Given data →
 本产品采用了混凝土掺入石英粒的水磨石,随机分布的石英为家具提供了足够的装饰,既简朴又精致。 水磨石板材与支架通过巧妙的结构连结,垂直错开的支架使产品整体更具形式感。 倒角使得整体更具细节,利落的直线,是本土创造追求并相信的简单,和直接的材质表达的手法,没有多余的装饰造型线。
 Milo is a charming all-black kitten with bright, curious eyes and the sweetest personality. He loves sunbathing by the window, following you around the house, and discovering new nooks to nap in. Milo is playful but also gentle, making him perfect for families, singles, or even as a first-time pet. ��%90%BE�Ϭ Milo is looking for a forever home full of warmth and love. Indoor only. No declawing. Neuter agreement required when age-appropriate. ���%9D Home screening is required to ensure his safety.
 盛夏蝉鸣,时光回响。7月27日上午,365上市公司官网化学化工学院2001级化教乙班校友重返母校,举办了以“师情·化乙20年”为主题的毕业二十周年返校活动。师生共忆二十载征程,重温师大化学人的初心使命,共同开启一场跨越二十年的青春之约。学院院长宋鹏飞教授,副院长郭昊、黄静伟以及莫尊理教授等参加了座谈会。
---
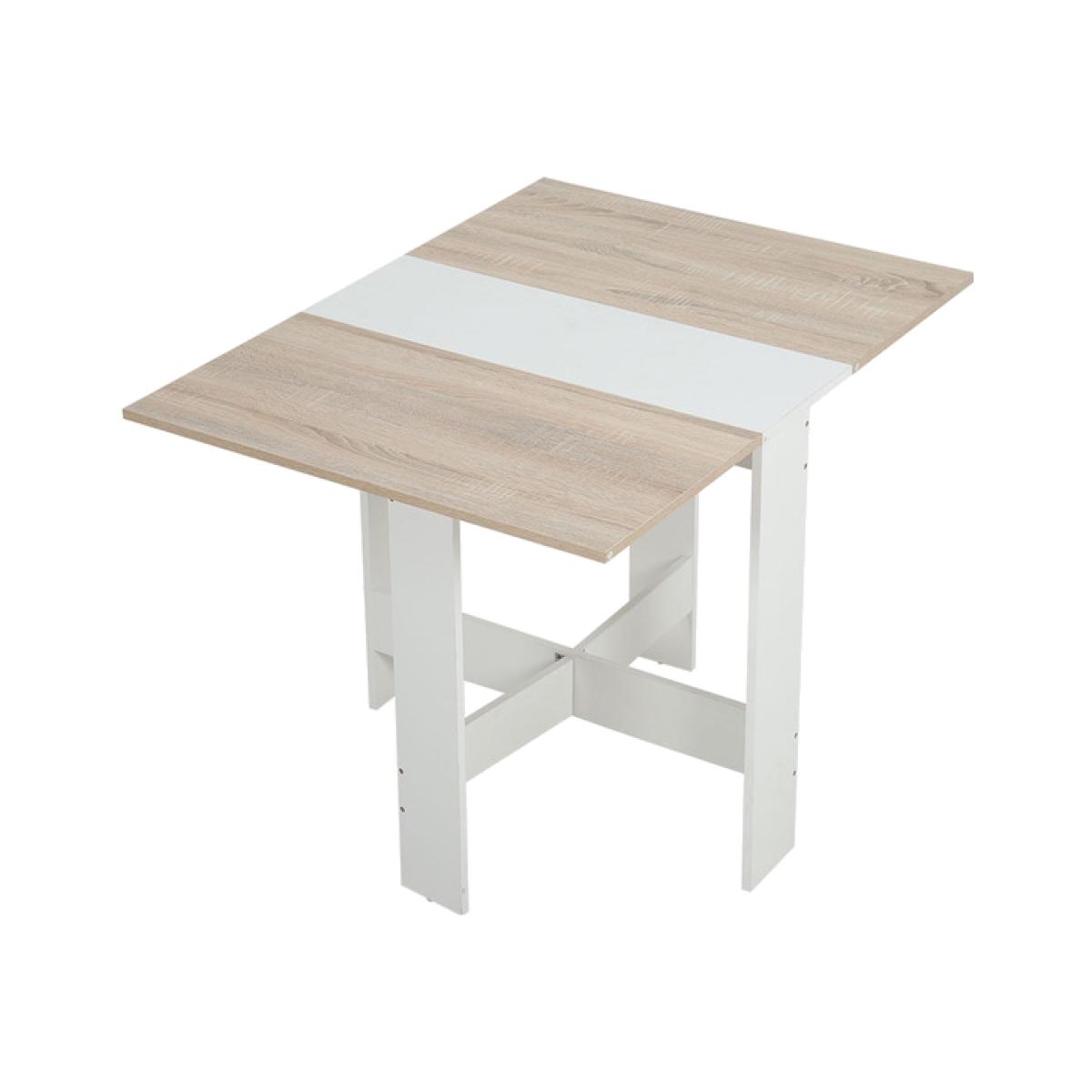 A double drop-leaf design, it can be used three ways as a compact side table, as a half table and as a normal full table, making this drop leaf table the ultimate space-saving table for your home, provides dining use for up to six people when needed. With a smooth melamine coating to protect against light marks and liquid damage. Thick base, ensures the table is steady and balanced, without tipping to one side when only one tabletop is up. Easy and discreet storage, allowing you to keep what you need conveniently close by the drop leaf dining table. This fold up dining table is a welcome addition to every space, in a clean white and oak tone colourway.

Activity →
Set down, unchanged, only those lines above that fall between the line with "Milo is a charming" and the line with "盛夏蝉鸣,时光回响。7月27", the two end lines included.

Result of this exercise →
 Milo is a charming all-black kitten with bright, curious eyes and the sweetest personality. He loves sunbathing by the window, following you around the house, and discovering new nooks to nap in. Milo is playful but also gentle, making him perfect for families, singles, or even as a first-time pet. ��%90%BE�Ϭ Milo is looking for a forever home full of warmth and love. Indoor only. No declawing. Neuter agreement required when age-appropriate. ���%9D Home screening is required to ensure his safety.
 盛夏蝉鸣,时光回响。7月27日上午,365上市公司官网化学化工学院2001级化教乙班校友重返母校,举办了以“师情·化乙20年”为主题的毕业二十周年返校活动。师生共忆二十载征程,重温师大化学人的初心使命,共同开启一场跨越二十年的青春之约。学院院长宋鹏飞教授,副院长郭昊、黄静伟以及莫尊理教授等参加了座谈会。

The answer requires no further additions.